= Problem to work on =
Could you copy the records below exactly, keeping none of the images?

= Given records =
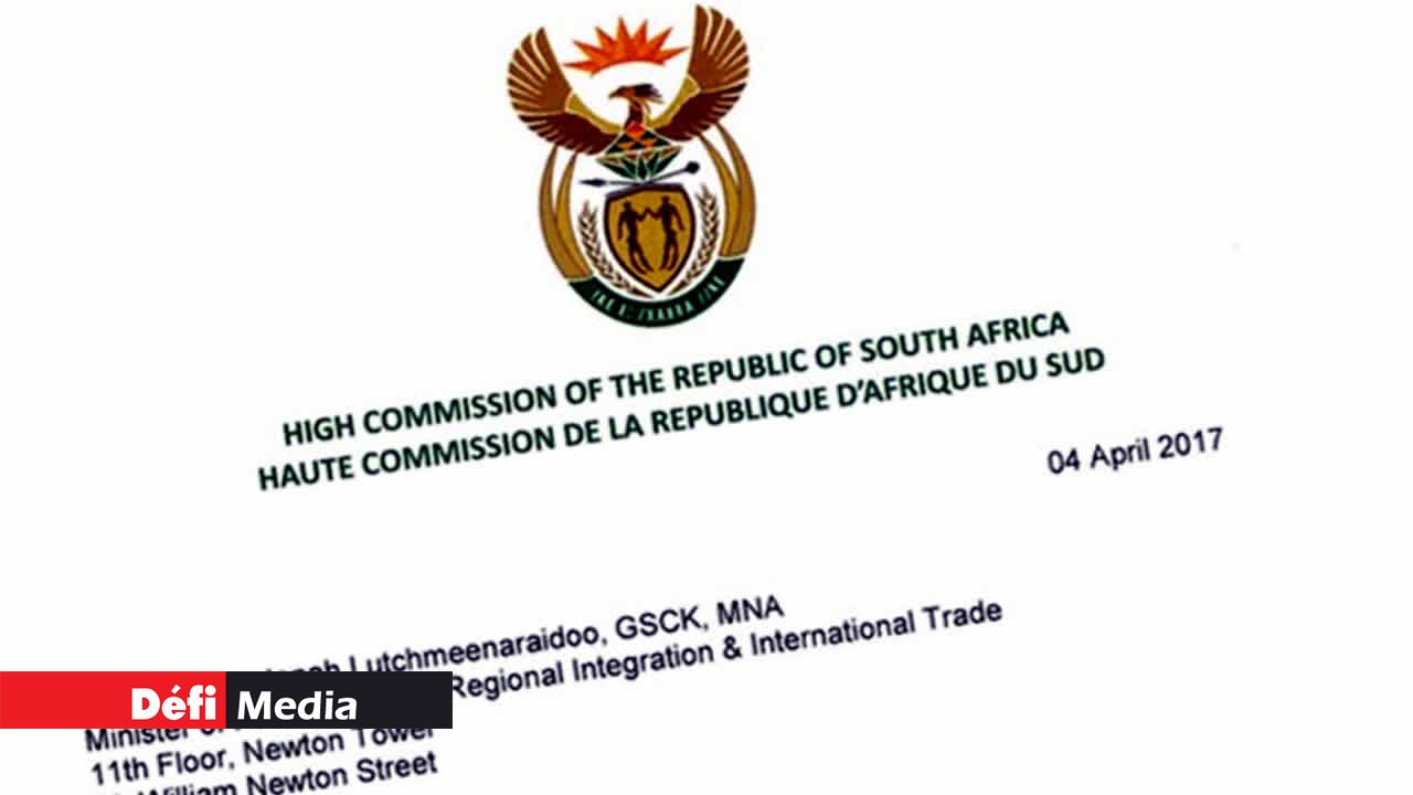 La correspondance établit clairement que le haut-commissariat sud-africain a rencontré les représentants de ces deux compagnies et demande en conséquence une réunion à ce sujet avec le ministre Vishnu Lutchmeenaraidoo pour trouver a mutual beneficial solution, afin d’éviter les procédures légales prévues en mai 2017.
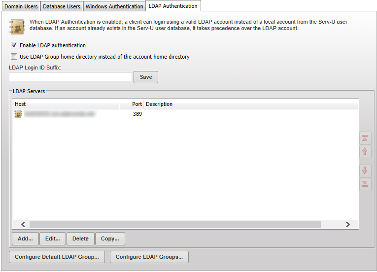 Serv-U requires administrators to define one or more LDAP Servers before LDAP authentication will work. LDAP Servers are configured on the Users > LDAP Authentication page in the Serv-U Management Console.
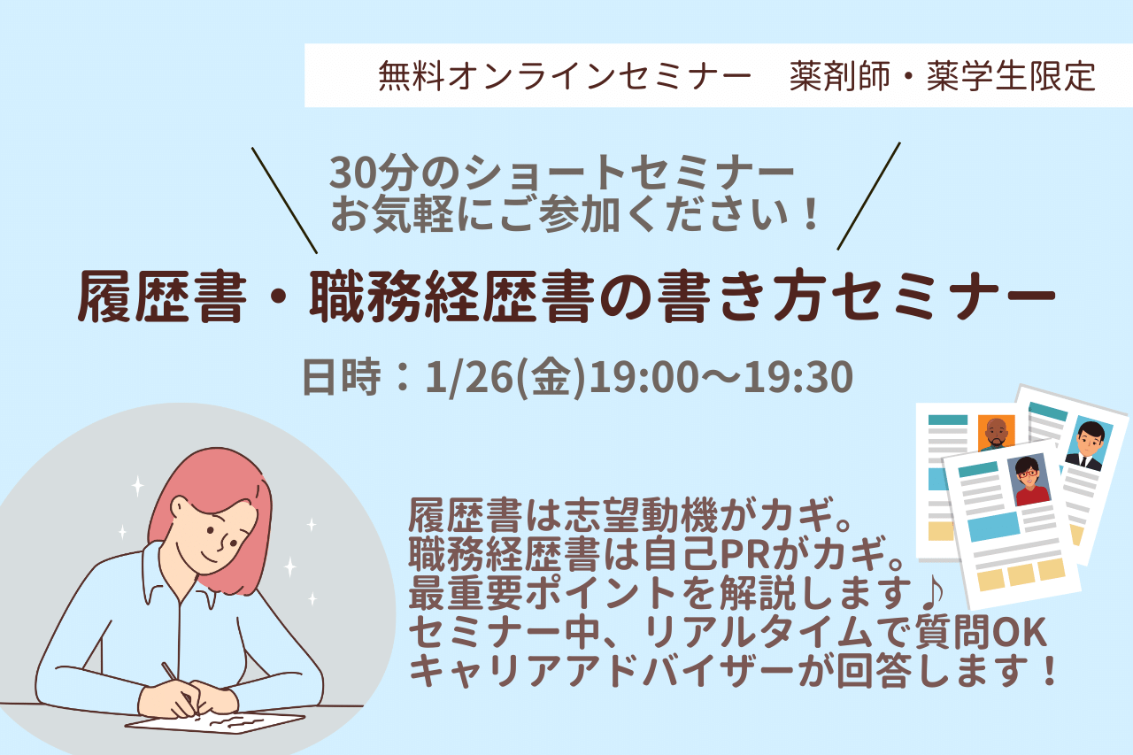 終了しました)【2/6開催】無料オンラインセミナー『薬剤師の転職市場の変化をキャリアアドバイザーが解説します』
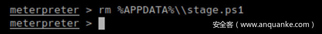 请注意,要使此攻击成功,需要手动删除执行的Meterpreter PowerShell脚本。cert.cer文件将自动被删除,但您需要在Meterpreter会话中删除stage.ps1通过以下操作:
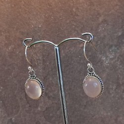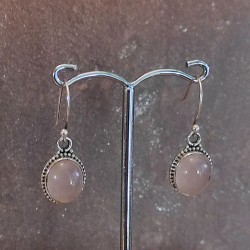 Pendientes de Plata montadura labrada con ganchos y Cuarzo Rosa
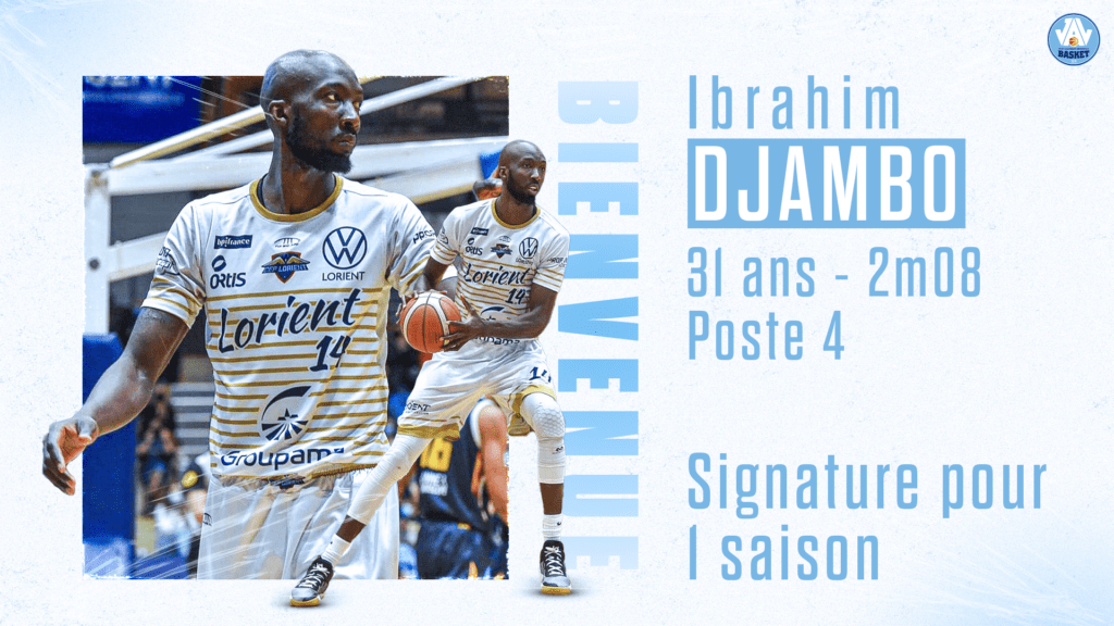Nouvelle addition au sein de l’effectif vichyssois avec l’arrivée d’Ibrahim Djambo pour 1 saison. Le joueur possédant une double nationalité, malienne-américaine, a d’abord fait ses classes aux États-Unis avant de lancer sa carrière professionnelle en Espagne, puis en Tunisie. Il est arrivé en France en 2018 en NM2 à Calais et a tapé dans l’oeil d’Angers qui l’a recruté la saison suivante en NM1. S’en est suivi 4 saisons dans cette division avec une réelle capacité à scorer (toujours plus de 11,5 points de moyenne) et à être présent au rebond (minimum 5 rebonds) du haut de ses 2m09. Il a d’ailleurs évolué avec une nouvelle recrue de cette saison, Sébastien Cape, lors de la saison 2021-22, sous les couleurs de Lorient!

= Task answer =
 La correspondance établit clairement que le haut-commissariat sud-africain a rencontré les représentants de ces deux compagnies et demande en conséquence une réunion à ce sujet avec le ministre Vishnu Lutchmeenaraidoo pour trouver a mutual beneficial solution, afin d’éviter les procédures légales prévues en mai 2017.
 Serv-U requires administrators to define one or more LDAP Servers before LDAP authentication will work. LDAP Servers are configured on the Users > LDAP Authentication page in the Serv-U Management Console.
 終了しました)【2/6開催】無料オンラインセミナー『薬剤師の転職市場の変化をキャリアアドバイザーが解説します』
 请注意,要使此攻击成功,需要手动删除执行的Meterpreter PowerShell脚本。cert.cer文件将自动被删除,但您需要在Meterpreter会话中删除stage.ps1通过以下操作:
 Pendientes de Plata montadura labrada con ganchos y Cuarzo Rosa
Nouvelle addition au sein de l’effectif vichyssois avec l’arrivée d’Ibrahim Djambo pour 1 saison. Le joueur possédant une double nationalité, malienne-américaine, a d’abord fait ses classes aux États-Unis avant de lancer sa carrière professionnelle en Espagne, puis en Tunisie. Il est arrivé en France en 2018 en NM2 à Calais et a tapé dans l’oeil d’Angers qui l’a recruté la saison suivante en NM1. S’en est suivi 4 saisons dans cette division avec une réelle capacité à scorer (toujours plus de 11,5 points de moyenne) et à être présent au rebond (minimum 5 rebonds) du haut de ses 2m09. Il a d’ailleurs évolué avec une nouvelle recrue de cette saison, Sébastien Cape, lors de la saison 2021-22, sous les couleurs de Lorient!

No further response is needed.